Facts about the project

Project manager
Anna Augustsson
Other project members
Mats Åström (Linnaeus University), Rupert Hough (James Hutton Institute), Joanna Wragg (British Geological Survey), Johan Lundqvist (SLU), Emma Engström & Ilia Rodushkin (ALS Scandinavia),
Participating organizations
Linnaeus University, James Hutton Institute, British Geological Survey, Swedish University of Agricultural Sciences (SLU), ALS Scandinavia
Financier
Swedish Research Council
Timetable
Ongoing. 2022 - 2026
Subject
Environmental Science (Department of Biology and Environmental Science, Faculty of Health and Life Sciences)

More about the project

This project addresses a group of metals, the so called “technology-critical elements” (TCEs), for which there is currently a dramatic increase in use and demand. Increasing emissions to natural systems are thus to expect, but much is still unknown about the environmental behavior and toxicity of most TCEs.

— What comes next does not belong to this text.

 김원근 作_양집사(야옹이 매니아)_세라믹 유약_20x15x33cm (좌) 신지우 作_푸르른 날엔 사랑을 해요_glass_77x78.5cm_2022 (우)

This project intends to increase our understanding of the potential risks that TCE contaminants in soils and crops mat pose to humans, today and in the future.

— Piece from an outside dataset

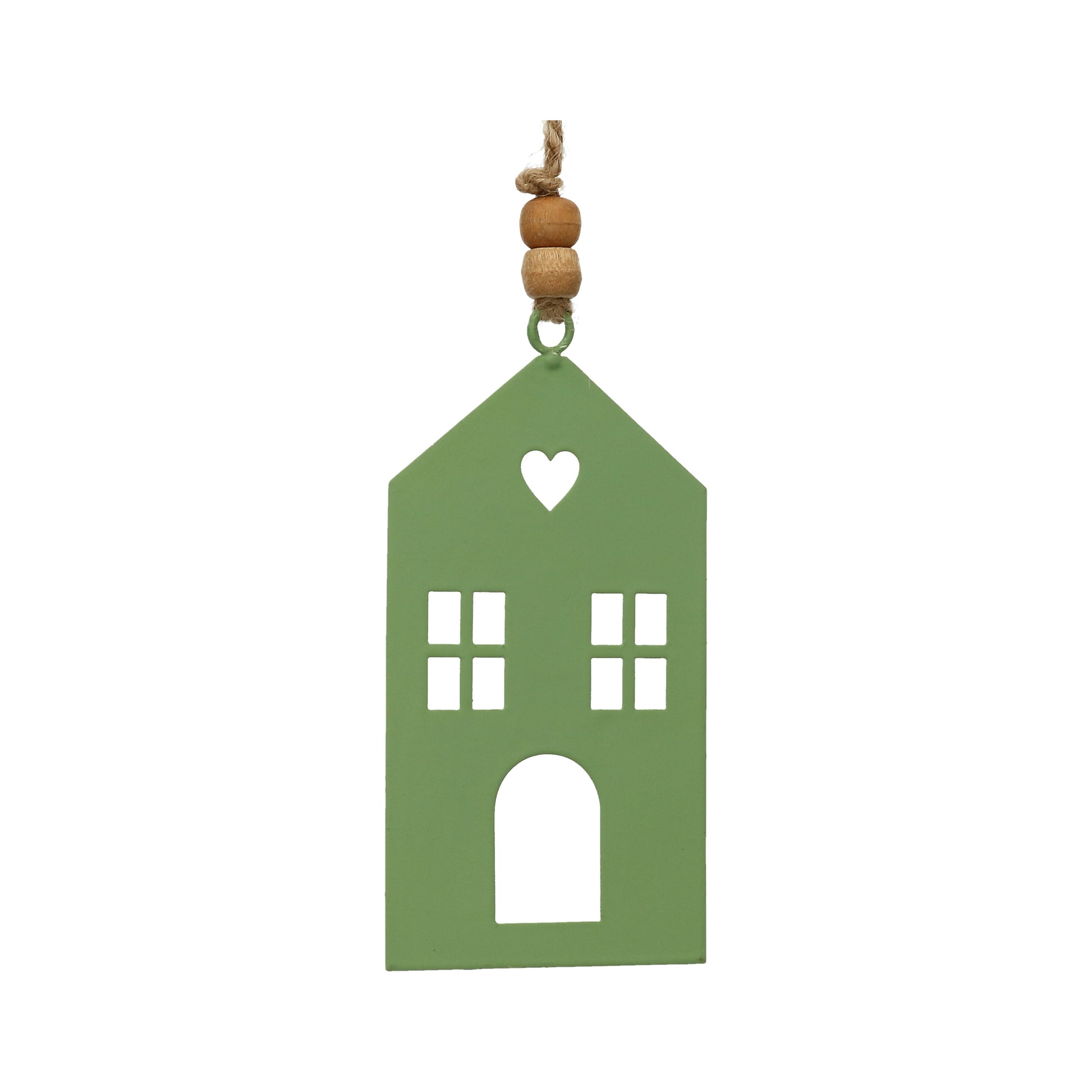 Dieses dekorative Haus aus Metall in Olivgrün misst 7 x 12 cm und verleiht jedem Raum eine moderne, natürliche Note. Die hochwertige Verarbeitung sorgt für Langlebigkeit, während die dezente Farbgebung vielseitig kombinierbar ist. Ideal als eleganter Anhänger oder stilvolles Wohnaccessoire.

First, we will study the TCE uptake by crops from agricultural soils in both urban and rural environments, and its link to soil geochemistry. Hereby we produce knowledge about the potential for food chain contamination.

Second, to gain knowledge about the uptake after oral exposure, we study the oral bioaccessibility, or the uptake in the gastrointestinal tract. The bioaccessibility is assessed both for crops (to address the uptake after food consumption), and for soil and airborne dust (since inadvertent ingestion of fine soil and dust particles may also contribute significantly to the total human exposure).

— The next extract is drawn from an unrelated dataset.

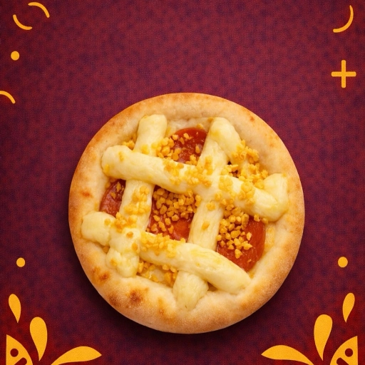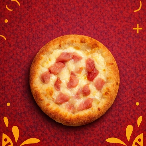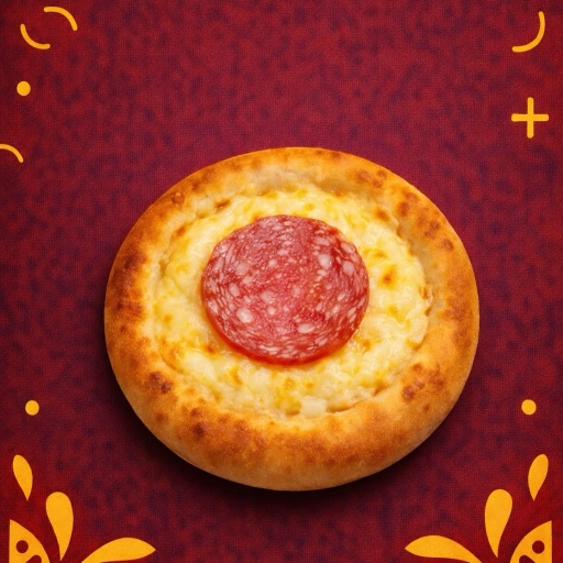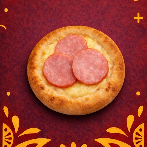 Deliciosa esfiha forrada com queijo mussarela, acompanhada de uma fatia de salame.

Third, to contribute to the understanding of hazardous responses that may occur in humans, we will use a panel of cell-based in vitro assays. These are based on cultured mammalian cells that have been modified as to produce certain reporter proteins when exposed to compounds that activate certain responses, eg endocrine disruption, xenobiotic metabolism, reactive toxicity, oxidative stress or genotoxicity.